4. Make the deadlines appropriate
You deadline needs to be appropriate. This means that the deadline cannot be too easy to reach, or too hard. If it is too easy, you simply won’t get started because you will always believe you have all the time in the world to complete your goal. After all, you believe the goal is really easy to achieve by the deadline. Unfortunately when this happens the time will fly by and you may not think about the deadline again until it is too late. You need a deadline that will cause you to get started right away.
The deadline also can not be too hard. If the deadline looks like it cannot be met, you will quickly become discouraged and stop pursuing the deadline; you will give up, because you don’t believe you can succeed in time.
Instead, make the deadline challenging, but reachable. In order to do that you will need to learn your tendencies. Do you tend to overestimate what you can accomplish with your time, or underestimate your ability? I tend to overestimate how much work I can get done with my time. Because of this, I need to make the deadline a little easier to reach than I would first expect. If I expect that I can get a project done in two weeks, I better give myself a deadline of three or four weeks to be more realistic. Some people work the opposite and always think a project will take longer than it really does. If you fit into that category, set the deadline for a shorter period of time than you might first expect.
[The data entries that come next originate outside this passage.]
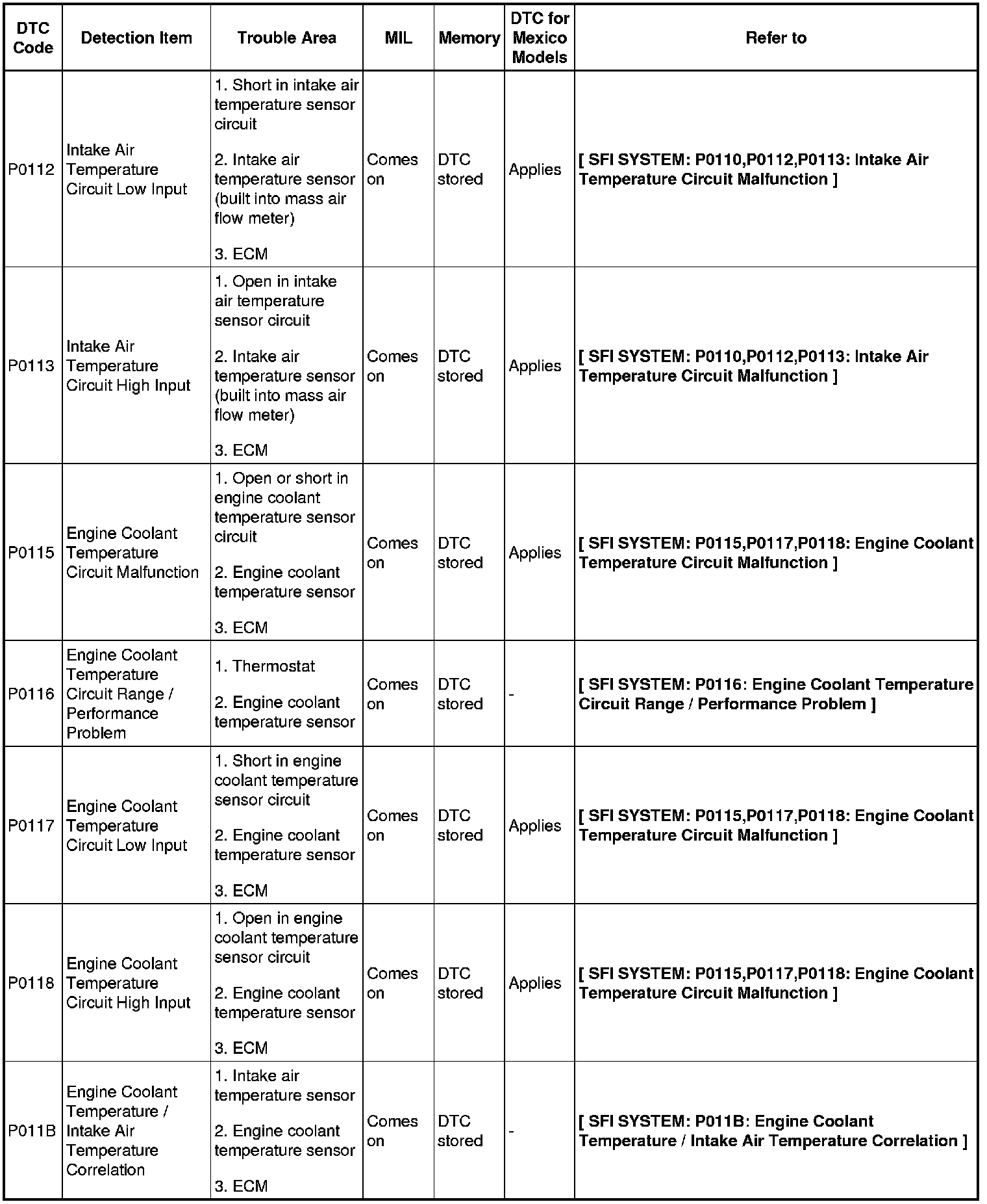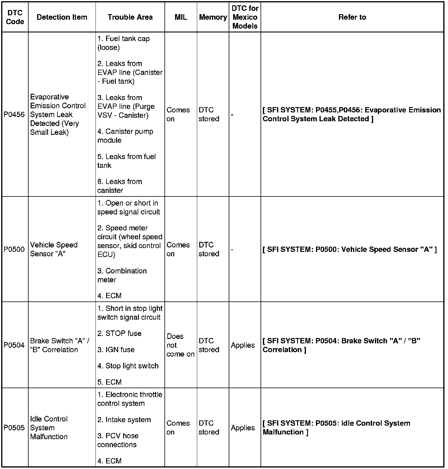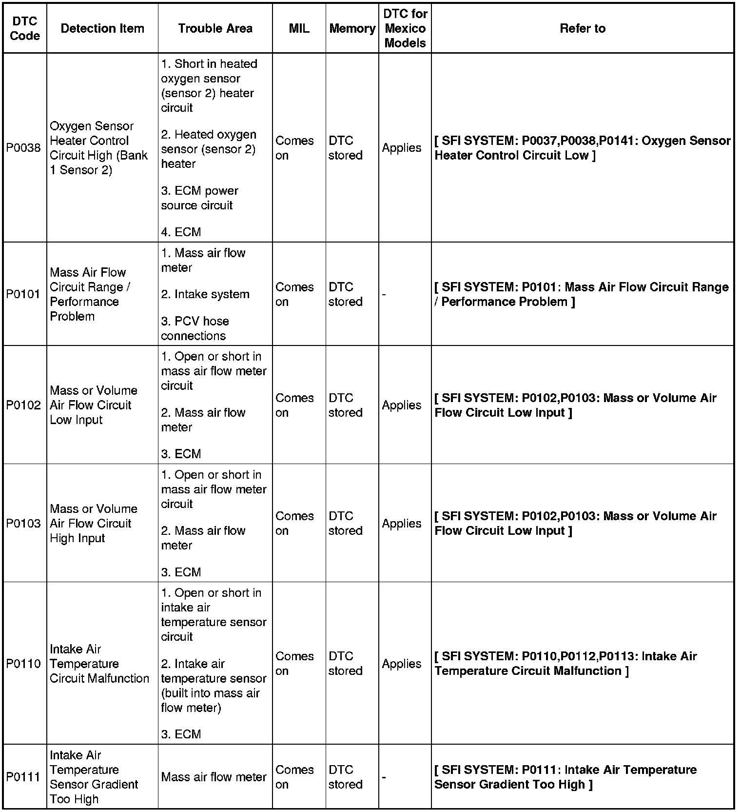 If a trouble code is displayed during the DTC check, inspect the trouble areas listed for that code. For details of the code, refer to the "Refer to" below.
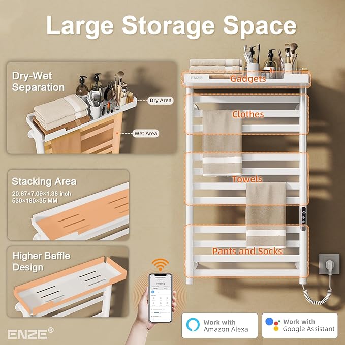 ENZE Heated Towel Rack with Shelf and Wi-Fi App Control, 11 Bars Electric Wall Mounted Towel Warmer with Timer & Adjustable Temperature, Low Carbon Steel, Plug-in/Hardwired, White
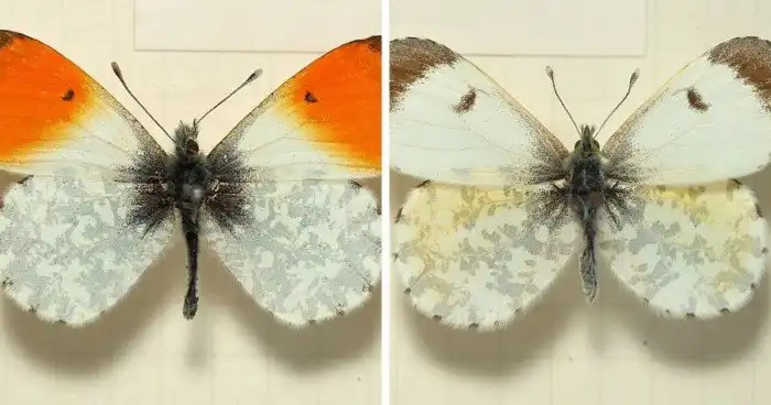 Основное отличие: на крыльях самцов присутствует оранжевое поле, которого нет у самок.

5. Complete, Celebrate, Commence
These three Cs are the cycle for achieving goals with a deadline. The first C is to complete the project you are working on. Work really hard towards a goal with the focus on completing it. If you are like me, you likely have the tendency to have a number of project lying around that are started, perhaps even near completion and yet not finished. One place I notice this in my life is how many books I have partially read. Often I find myself part way through several books, but not completing any of them. To break this trend, focus on completing the project. You can set a new deadline for completing the project if you are nearly done well before the original deadline.
The second C is to celebrate. Once you have completed a major project or met a major goal you need to pause and celebrate. Find a way to celebrate that is a true reward. For me, a steak dinner at my favorite restaurant is a great reward for completing a major project. This has to be something you do rarely enough that it truly feels like a great celebration. Your celebrations may change from goal to goal depending on what feels like a reward to you in the moment. Bigger goals that took more time and effort to achieve should have a bigger celebration than small goals.
The final C is to commence. After you have celebrated, you need to commence progress towards your next goal; set a deadline and get going. Notice that this final C does not take place until after you have completed the previous goal and celebrated its achievement. If you start sooner, you’ll end up with too many projects to focus on.
Using deadlines that are firm, appropriate and have external pressure will help you make progress more rapidly towards your goal. Set deadlines for all of your major goals and then follow the cycle of the four Cs to reach those goals. You will quickly move onwards and upwards towards the success you desire.